→ **TASK DETAILS**
The required output is the exact run of lines below that opens at the line with "1、打开360安全卫士,点击" and closes at the line with "Москва - Россия, 04.20.2022: Хранилищные".

─── PROVIDED DATA ───

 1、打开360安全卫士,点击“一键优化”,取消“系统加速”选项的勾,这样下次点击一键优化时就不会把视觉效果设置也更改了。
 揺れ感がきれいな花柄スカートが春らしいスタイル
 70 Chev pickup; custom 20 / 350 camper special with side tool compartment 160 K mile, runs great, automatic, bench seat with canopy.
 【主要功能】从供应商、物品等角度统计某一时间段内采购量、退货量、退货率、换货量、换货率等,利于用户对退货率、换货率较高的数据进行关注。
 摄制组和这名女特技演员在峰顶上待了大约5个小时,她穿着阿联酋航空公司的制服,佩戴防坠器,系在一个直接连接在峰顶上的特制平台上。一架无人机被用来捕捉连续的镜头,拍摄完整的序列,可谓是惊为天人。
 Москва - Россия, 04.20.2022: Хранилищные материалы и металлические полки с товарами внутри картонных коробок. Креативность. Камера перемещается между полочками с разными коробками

───
─── PROVIDED DATA ───

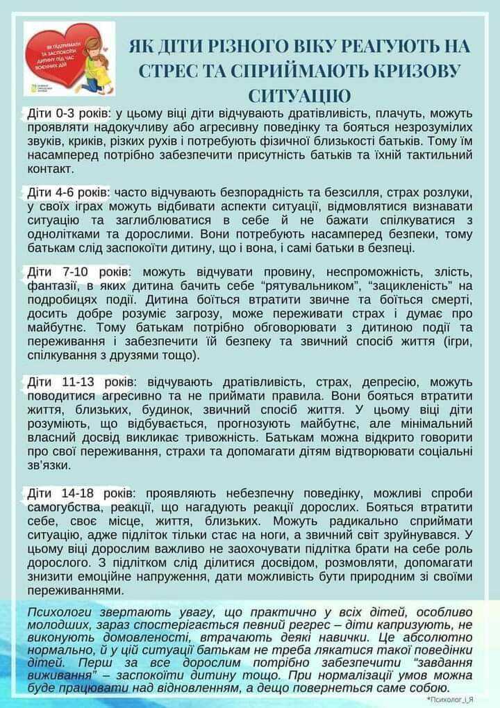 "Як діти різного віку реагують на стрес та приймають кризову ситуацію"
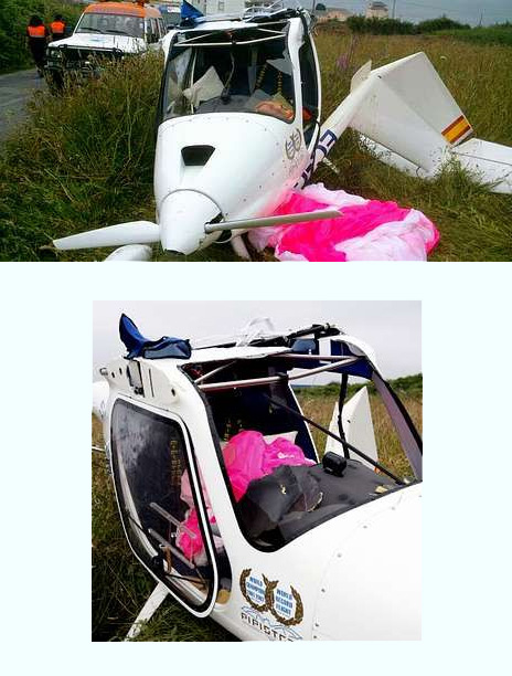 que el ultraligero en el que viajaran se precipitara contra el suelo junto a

───

→ **TASK RESPONSE**
 1、打开360安全卫士,点击“一键优化”,取消“系统加速”选项的勾,这样下次点击一键优化时就不会把视觉效果设置也更改了。
 揺れ感がきれいな花柄スカートが春らしいスタイル
 70 Chev pickup; custom 20 / 350 camper special with side tool compartment 160 K mile, runs great, automatic, bench seat with canopy.
 【主要功能】从供应商、物品等角度统计某一时间段内采购量、退货量、退货率、换货量、换货率等,利于用户对退货率、换货率较高的数据进行关注。
 摄制组和这名女特技演员在峰顶上待了大约5个小时,她穿着阿联酋航空公司的制服,佩戴防坠器,系在一个直接连接在峰顶上的特制平台上。一架无人机被用来捕捉连续的镜头,拍摄完整的序列,可谓是惊为天人。
 Москва - Россия, 04.20.2022: Хранилищные материалы и металлические полки с товарами внутри картонных коробок. Креативность. Камера перемещается между полочками с разными коробками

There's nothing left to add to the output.